Sweet shower so delicious (Beck Eleven)

Sweet shower so delicious

BECK ELEVEN
Last updated 14:12 18/06/2011
 
If you've got a steaming pile of dog whoopsie, then pick it up and rub your face in it, because that is what this column is going to feel like.

I feel as if I should be apologising, and I swear I would have taken you with me if I could, but the day after Monday's stinking earthquakes, I went to Wellington where I stayed in a swanky hotel and ate almost non- stop for two days.

Every now and then in a journalist's life, a little something called a junket pops up. This can roundly be described as a free trip and mine was to join other writers previewing Wellington on a Plate, the capital city's foodie festival.

Now, if there is any chance of extracting a tiny bit of sympathy, I should divulge that we were tasked with two 12-hour days of non-stop eating. No sympathy? Fair enough.

But they shouldn't have shown me the hotel room first.

Like many of you, I had spent Monday evening cleaning up a mess of jams, the dirt from swan-diving pot plants, and a minor flood followed by a wakeful night of bed-shaking aftershocks.

So the focus of this trip should have been food, but they just should not have revealed the hotel room first. If Cupid's arrow could bond woman and hotel room, then I had been struck.

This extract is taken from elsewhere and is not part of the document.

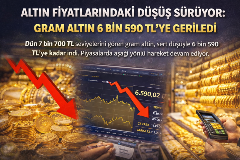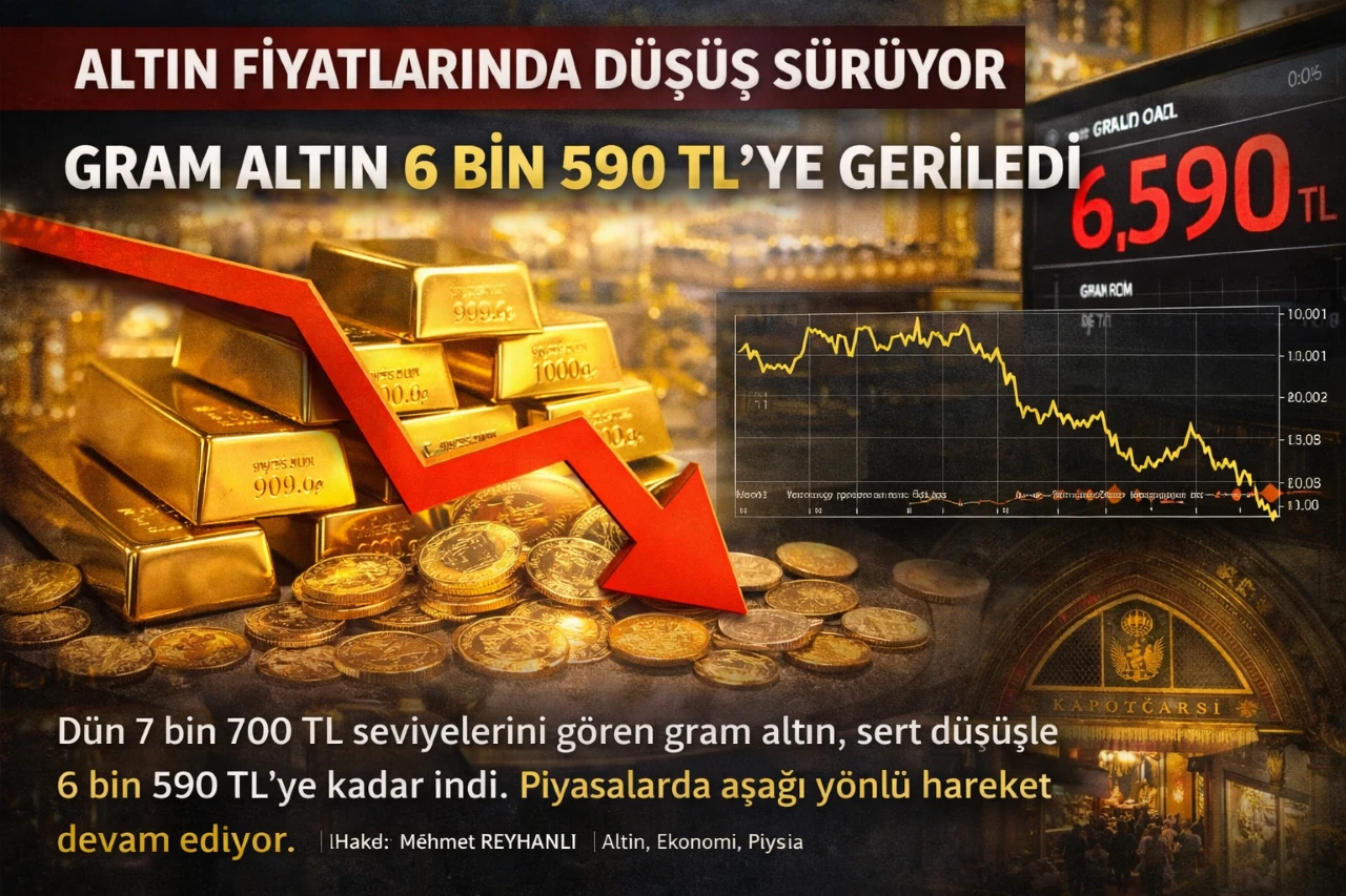 <h3 data-end="215" data-start="77"><strong data-end="215" data-start="77">Dün 7 bin 700 TL seviyelerini gören gram altın, sert düşüşle 6 bin 590 TL’ye kadar indi. Piyasalarda aşağı yönlü hareket devam ediyor.</strong></h3> <div><strong data-end="215" data-start="77"></strong></div> <div data-end="456" data-start="217">Altın fiyatlarında yaşanan hızlı geri çekilme sürüyor. Dün gün içinde 7 bin 700 TL seviyelerine kadar yükselen gram altın, akşam saatlerinde sert düşüş yaşadı. Saat 21.41 itibarıyla gram altın fiyatı 6 bin 590 TL seviyesine kadar geriledi.</div> <div data-end="717" data-start="458">Piyasalarda yaşanan bu düşüşte, rekor seviyelerin ardından gelen yoğun kâr satışlarının etkili olduğu değerlendiriliyor. Kısa sürede yaşanan yüksek fiyat artışı sonrası yatırımcıların satışa yönelmesiyle altın fiyatlarında hızlı bir düzeltme hareketi görüldü.</div> <div data-end="965" data-start="719">Uzmanlar, altın fiyatlarında kısa vadede dalgalı seyrin devam edebileceğine dikkat çekerken, hem küresel piyasalardaki ons altın hareketlerinin hem de döviz kurundaki değişimlerin fiyatlar üzerinde belirleyici olmaya devam edeceğini ifade ediyor.</div> <h5 data-end="1014" data-start="967">Haber: Mehmet REYHANLI<br data-end="992" data-start="989"></h5>

I thought I could hear birds singing, but that was probably left-over auditory hallucinations from the elevator musak.

I briefly perched on the edge of the bed to deal with an errant sock and made such a loud and involuntary groan-sigh of happiness that if the walls had been thin, and they were not, neighbouring rooms would have assumed I was watching a special movie, know what I mean?

I could have acquainted myself with that room for hours, but the itinerary demanded we eat from 10am to 10pm. Still no sympathy? Fair enough.

But as soon as my room and I could be reunited, Operation Use Water Willy Nilly began in earnest. A frivolous name maybe, but a serious operation, trust me.

I've been house-sitting for a couple of weeks in a great place, but it has water pressure that can barely soak my hair, and Monday's aftershocks made it worse, so I was looking forward to this hotel shower with an almost perverse obsession.

If that earthquake gave us a double whammy on Monday, I gave the Wellington water supply a triple-whammy on Tuesday.

First, I lay in a hot bath, then I lay in the bath with the shower running, and last, I drained the bath and just stood under the shower.

Then I used two towels and rifled through the little collection of hotel shampoos and smellies (otherwise known as free things) until I found moisturiser and practically used the whole bottle on myself. (Don't forget I'm a plus-size model, so I need more than most).

Then I lay on that heavenly bed in those heavenly sheets and read the pillow menu - yes, the pillow menu - but I was much too tired to order anything.

Sympathy yet?

Don't bother to answer that.

I had showered and moisturised my skin until I was so soft that an entrepreneurial lamb would have made gloves and hats out of me.

On Wednesday, I woke up and showered until finger-wrinkles threatened to go bodywide.

Then I got up and ate for another 12 hours.

Never mind Wellington on a Plate. Tectonic plates are a much tougher job.